First-time director Alistair Banks Griffin was originally a painter, which is evident immediately from the fact that “Two Gates of Sleep” is told in brush strokes – individual scenes of the brothers hunting deer or their confused mother as she wanders away from home are awash in the colors of the sky and the indigenous flora and bristle with raw emotion. However, as Griffin acknowledged during the post-screening Q & A, he gave up painting because he was frustrated by his own limitations and while the cinema offers him a greater canvas, “Two Gates of Sleep” shows he will need more time to understand the demands of a story since the film works far more effectively on a scene-by-scene basis than as a whole. Griffin explained that he purposefully left scenes out that detailed the growing animosity between the brothers, but when their relationship comes to a head, it is a bewildering turn of events.

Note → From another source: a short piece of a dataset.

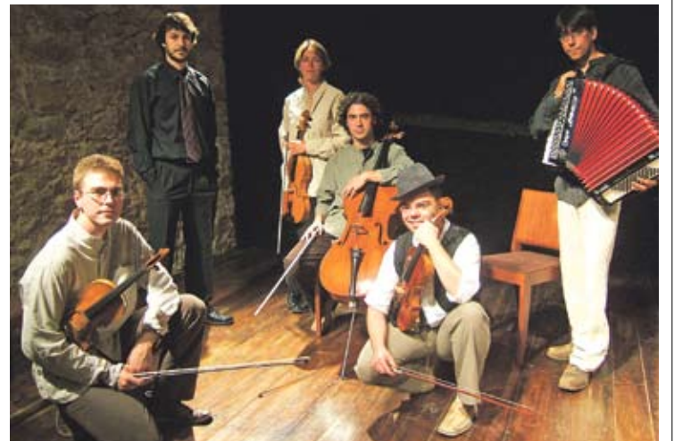
LA FORMACIÓ. El Brossa Quartet de Corda
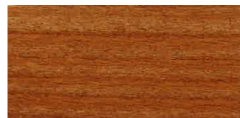
EW 051 - 20

It isn’t surprising that calls of pretension have dogged the film since debuting at Cannes, a reputation that wasn’t helped at AFI Fest when Griffin announced before the screening it would be the print showed at Cannes of the English-language film being presented with French subtitles, then demurred, “But then there’s not that much dialogue.” However, there’s much more to admire about “Two Gates of Sleep” than there isn’t.
The film boasts typically gorgeous cinematography from “Tiny Furniture” and “Afterschool” lenser Jody Lee Lipes, whose visual signature is so strong and vibrant it’s beginning to make me wonder about how wunderkind writer/directors Lena Dunham and Antonio Campos might be considered without him. (Campos is an executive producer here.) And Griffin actually co-edited the film with star Corbet, which likely is at least partially responsible for giving the “Funny Games” actor the full command of the screen and he is compelling to watch, even when the story being told isn’t.
Although films like “Ballast” and “Winter’s Bone” have trudged through similar terrain, the desolate enclaves of rural America that unfortunately enter the consciousness of moviegoers about as often as they have the metropolitan community at large, there is still something unique about Griffin’s attempt at capturing a feeling of isolation and saying something about the grip of tradition that drives the brothers to such extremes. The images in “Two Gates of Sleep” are crisp. Now if only Griffin could bring the same clarity to his storytelling…
“Two Gates of Sleep” opens at the reRun Theater in New York today.